Every new cryptocurrency needs a white paper on how to explain and promote an ICO.

So does every new token having an ITO.

Industry experts are saying the era of big-money ICOs may be over, so ICO white papers must be better than ever.

By this point, I have worked on 10 ICO white papers about everything from AI to video game advertising. And I’ve read many dozens more.

Just like the white papers for any niche, I find that a few are great, most are so-so, and a few are terrible.

Based on what I’ve seen, here are my top 10 suggestions for how to make any ICO white paper better.

ICO white paper tip #1: Know your audience

photo of yellow sticky note saying "know your audience"

Beginning writers tend to focus on what they’re interested in. So do far too many people doing content marketing.

But it’s far more effective to write about what your audience cares about. Doing that will attract and keep their attention.

How do you do that?

Well, first of all think about who you’re trying to reach.

Are they academics or developers, keenly interested in cryptography and the latest innovations in your approach to blockchain?

Or are they business people or investors, more interested in your market space, your business model, and how your new alt-coin stacks up against all the rest?

You can structure your ICO white paper to appeal to either type.

An academic ICO white paper tends to focus on a mathematical or technical problem and a better way to solve it.

These often include code samples, math formulas, use-case diagrams, and notes about intricate design tradeoffs.

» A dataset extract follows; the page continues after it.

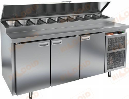 Основной сценарий — пиццерия с постоянным потоком заказов, где повар работает непосредственно у стола: берёт начинки из витрины GN, не отходя от рабочего места. Подходит также для линий итальянской кухни в ресторанах и кафе, где требуется держать охлаждённые ингредиенты на расстоянии вытянутой руки. Динамическое охлаждение быстро восстанавливает температуру после открытия дверей — важный плюс при высоком темпе работы. Ширина 1835 мм достаточна для одновременного размещения двух операторов.
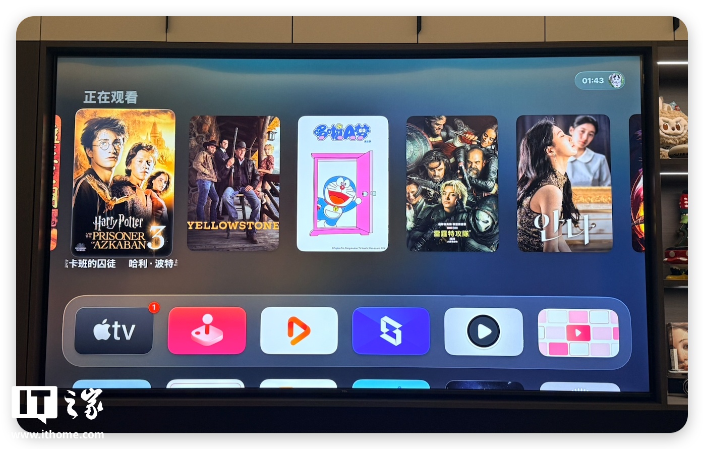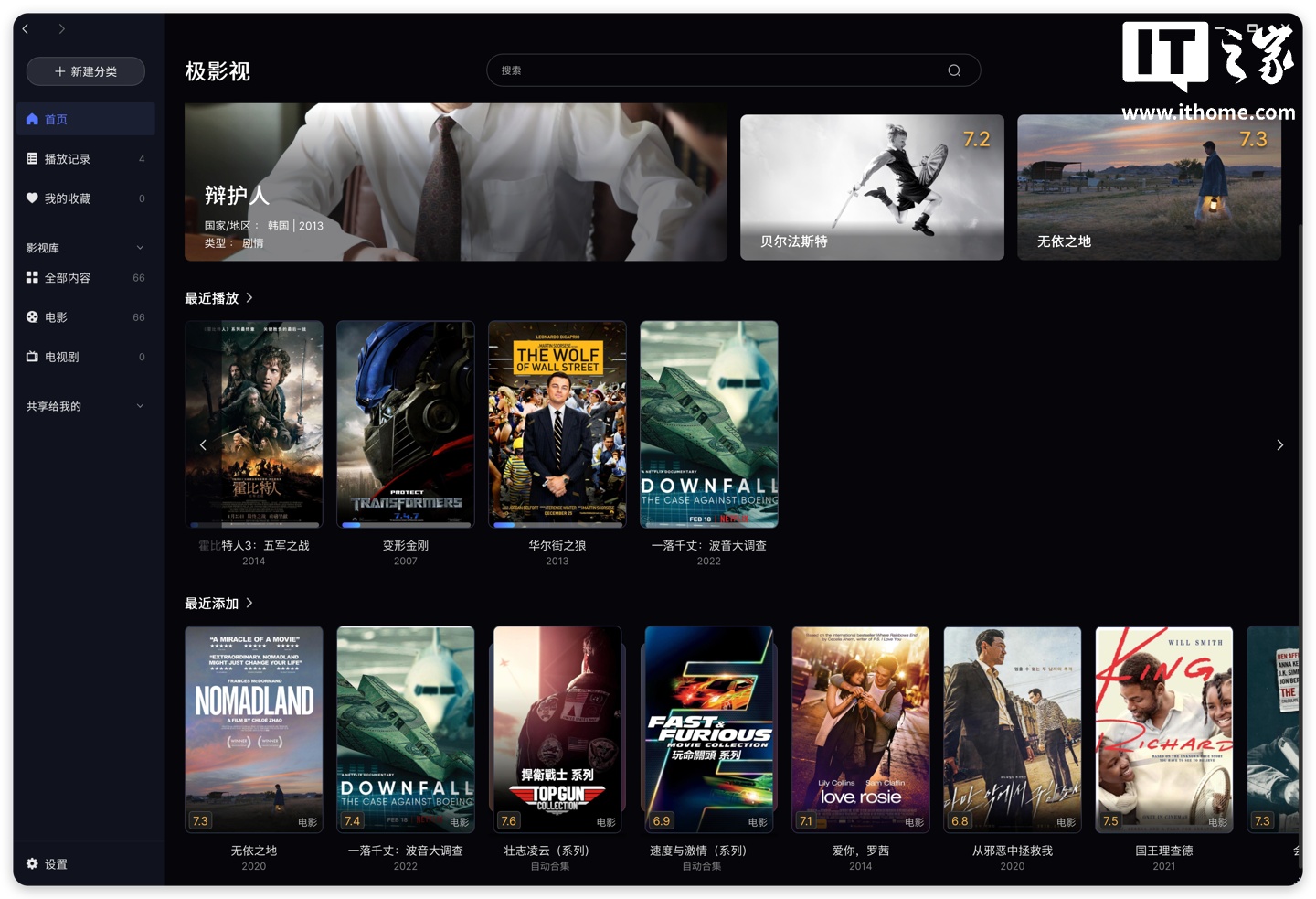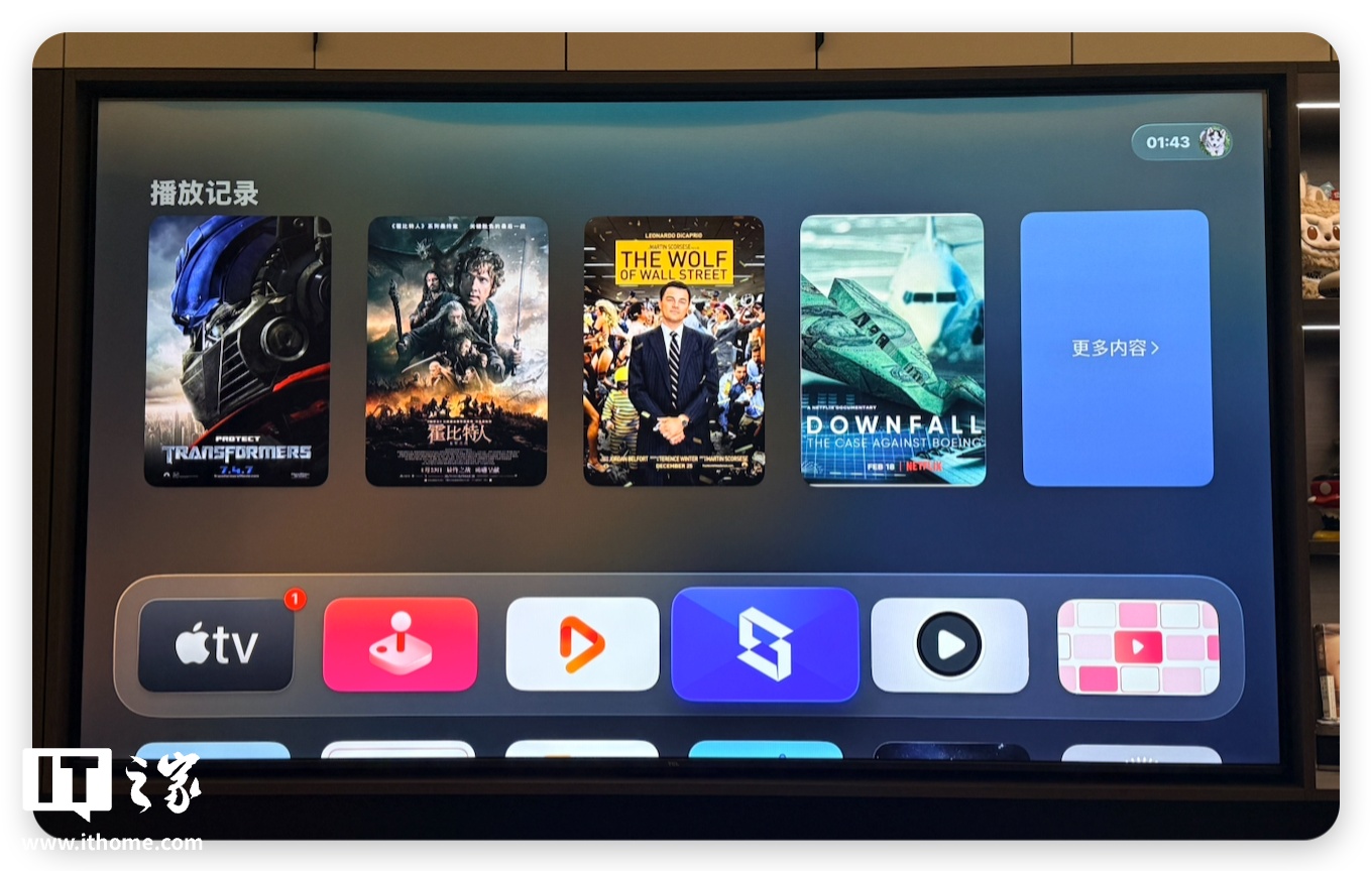 那么极空间在 Apple TV 上表现如何呢?我们先看看 UI,和 infuse 布局类似,并且在桌面也能够与 infuse 一样,直接显示最近播放的历史记录。

They usually have footnotes to journal articles or other academic white papers. They’re usually formatted to resemble a math journal created with LaTeX.

cover of Cardano ICO white paper

These white papers are best for attracting developers who find these challenges stimulating and would like to help solve them.

And these can help you gain so-called “thought leadership” around a certain issue in the blockchain space.

Here’s an example with most of the elements of this type. 

(Click the thumbnail to download the full paper.)

 

 

A commercial ICO white paper tends to focus on an industry problem and how your proposed new cryptocurrency will solve it.

These often include third-party research, market sizing, and notes about the ecosystem or niche to be created.

They usually have footnotes to magazine or forum articles or third-party research.

cover of LEDGIT ICO white paper

They’re formatted with a more attractive design.

These white papers are best for attracting investors to an ICO.

That’s because most investors lack the technical knowledge—and patience—to appreciate the nuances of an academic white paper.

Here’s an example with most of the defining qualities of this type. 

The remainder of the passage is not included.